A comparison of PFS between ICT-107 and placebo showed a statistically significant difference in the Kaplan-Meier (K-M) curves favoring ICT-107 (p=0.014 two-sided, hazard ratio (HR)=0.56) in the intent-to-treat population of all 124 randomized patients. The difference in the median progression-free survival times between ICT-107 and placebo favored ICT-107 and was two months in duration. For the per-protocol population (117 of 124 patients receiving at least four induction vaccinations), the K-M comparison p-value improved in treated patients to 0.0074 two-sided (HR=0.53) and the difference in median progression-free survival times increased to three months in favor of ICT-107.

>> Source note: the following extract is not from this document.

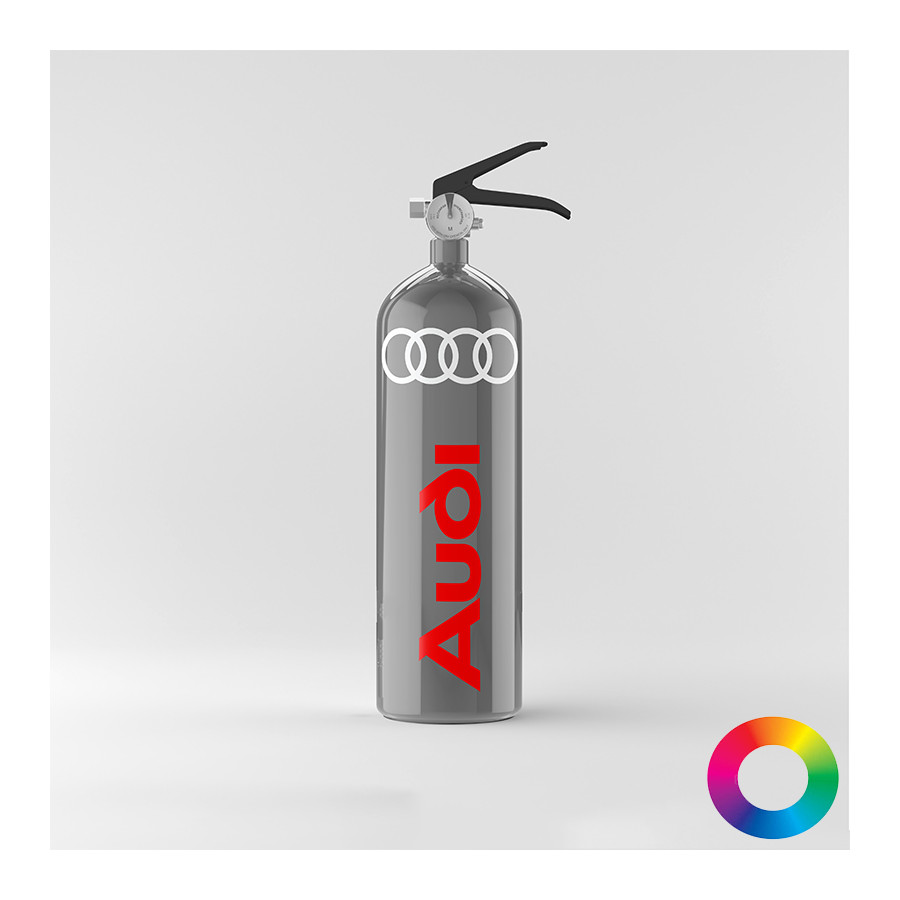Discover our customizable Audi decorative fire extinguisher, a unique accessory that combines safety and style for your interior. Ideal for brand enthusiasts, it adds an original touch while ensuring your protection.

A total of 124 patients were randomized at 25 clinical trial sites in the U.S. One third of the patients or 43 patients were treated with placebo (their own dendritic cells not exposed to antigen), and the treatment arm included two thirds or 81 patients who received the ICT-107 vaccine. All patients in the trial received standard-of-care temozolamide. The regimen is four induction doses of ICT-107 after chemoradiation, and then maintenance doses until the patient progresses. The primary endpoint of the trial is OS, defined as the time from randomization until date or death or the last date the patient is known to be alive. Secondary endpoints include PFS, defined as the time from randomization until the date of documented progressive disease or death, whichever occurs first, or the last date the patient is known to be alive and progression-free if progression or death is not observed. Other secondary endpoints include the rates of OS and PFS at six months after surgery, then assessed every three months until the end of the study. Safety and immune response are additional secondary endpoints. The phase 2 trial is powered at 80 percent to show a nine-month overall survival benefit assessed after reaching 64 events.
Patients who have not yet progressed will continue in the trial until an appropriate termination point can be determined.